RECORDED DATA:
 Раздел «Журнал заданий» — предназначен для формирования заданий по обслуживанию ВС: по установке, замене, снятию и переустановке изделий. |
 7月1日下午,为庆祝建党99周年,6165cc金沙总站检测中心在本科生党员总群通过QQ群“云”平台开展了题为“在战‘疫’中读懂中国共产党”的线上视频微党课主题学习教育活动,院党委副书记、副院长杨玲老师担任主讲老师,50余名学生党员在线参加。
---
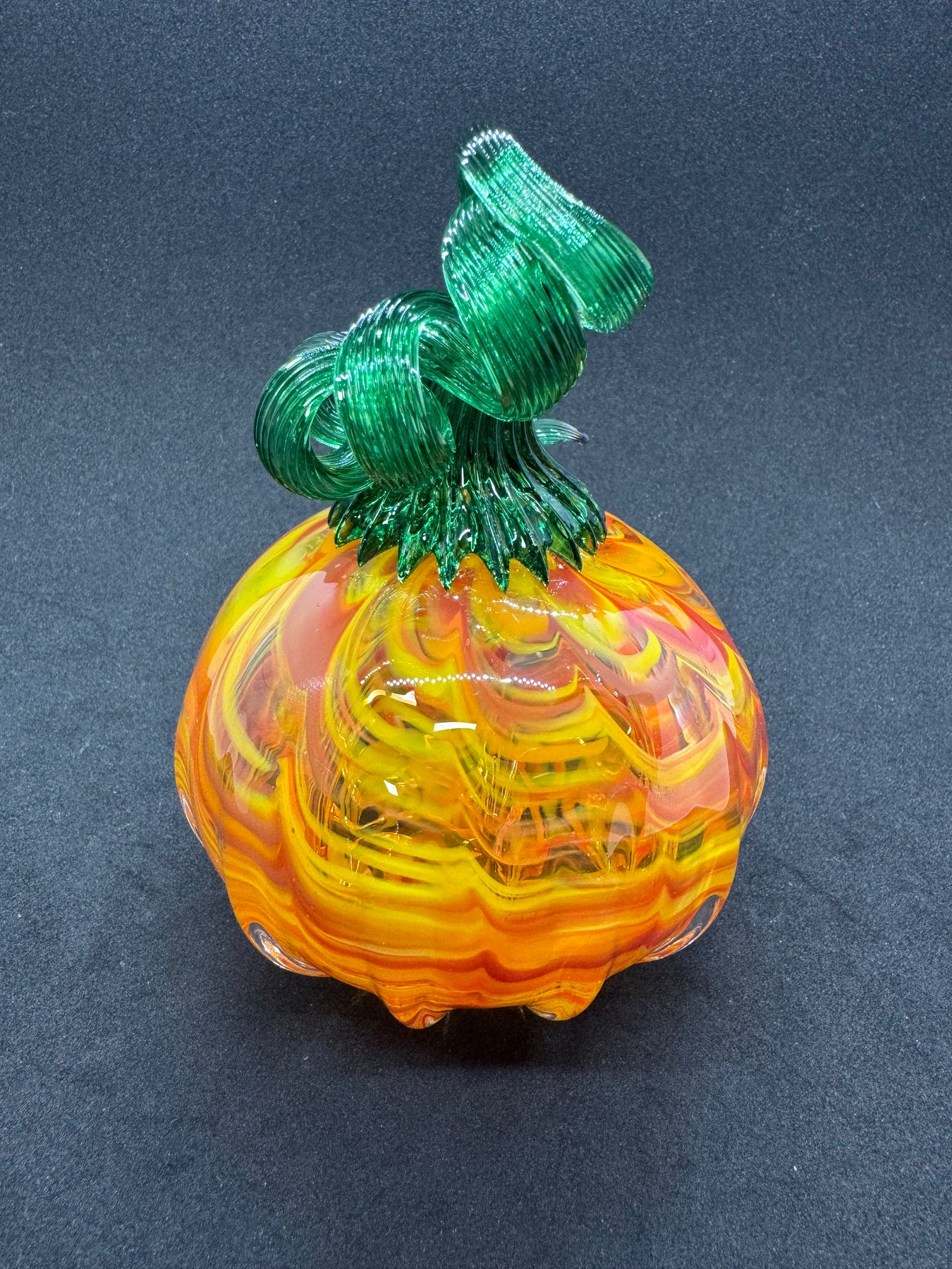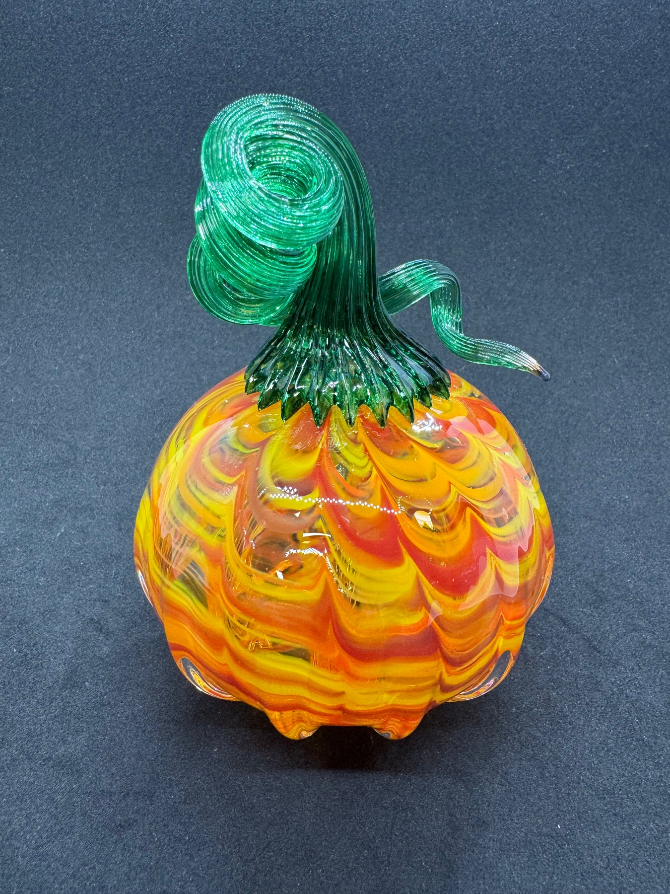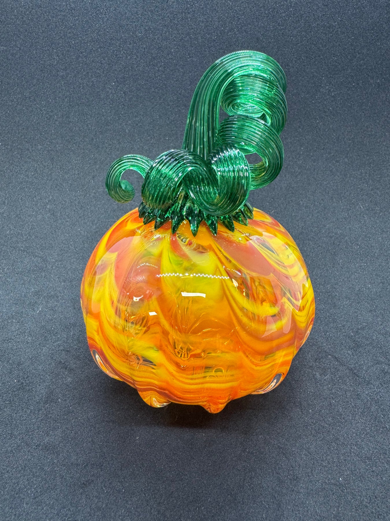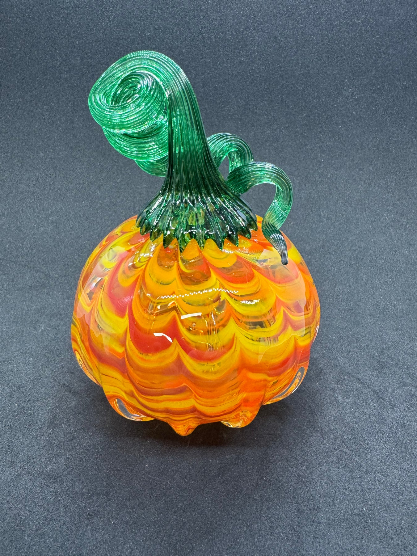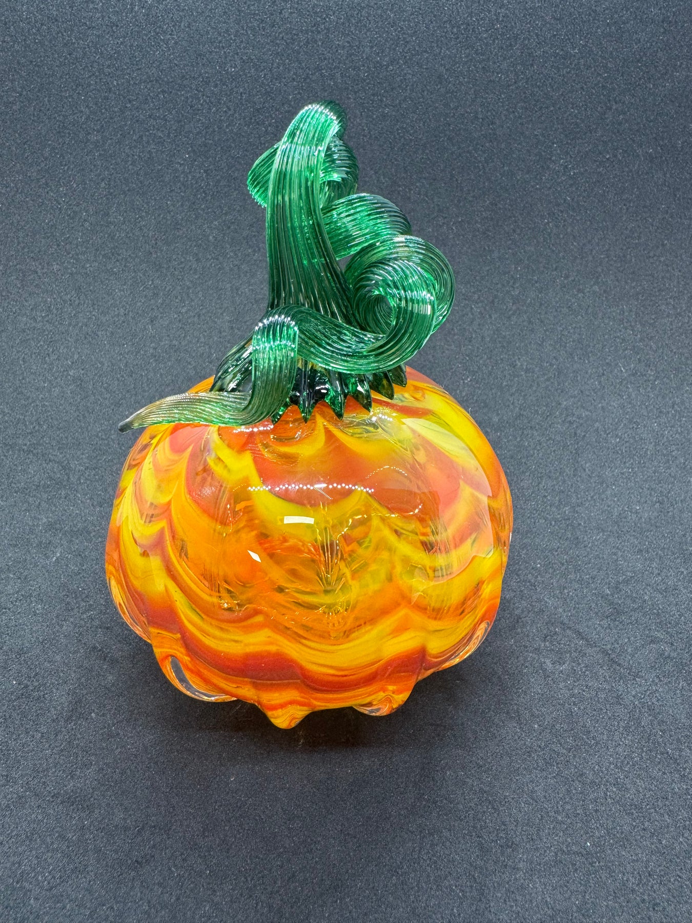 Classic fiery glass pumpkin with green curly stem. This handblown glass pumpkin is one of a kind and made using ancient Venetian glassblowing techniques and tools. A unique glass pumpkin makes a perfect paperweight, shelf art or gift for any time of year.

YOUR GOAL: Would you retype exactly the lines above, from the line with "переустановке изделий. |" to the line with "7月1日下午,为庆祝建党99", with both end lines kept and nothing more?

RESULT BELOW:
 Раздел «Журнал заданий» — предназначен для формирования заданий по обслуживанию ВС: по установке, замене, снятию и переустановке изделий. |
 7月1日下午,为庆祝建党99周年,6165cc金沙总站检测中心在本科生党员总群通过QQ群“云”平台开展了题为“在战‘疫’中读懂中国共产党”的线上视频微党课主题学习教育活动,院党委副书记、副院长杨玲老师担任主讲老师,50余名学生党员在线参加。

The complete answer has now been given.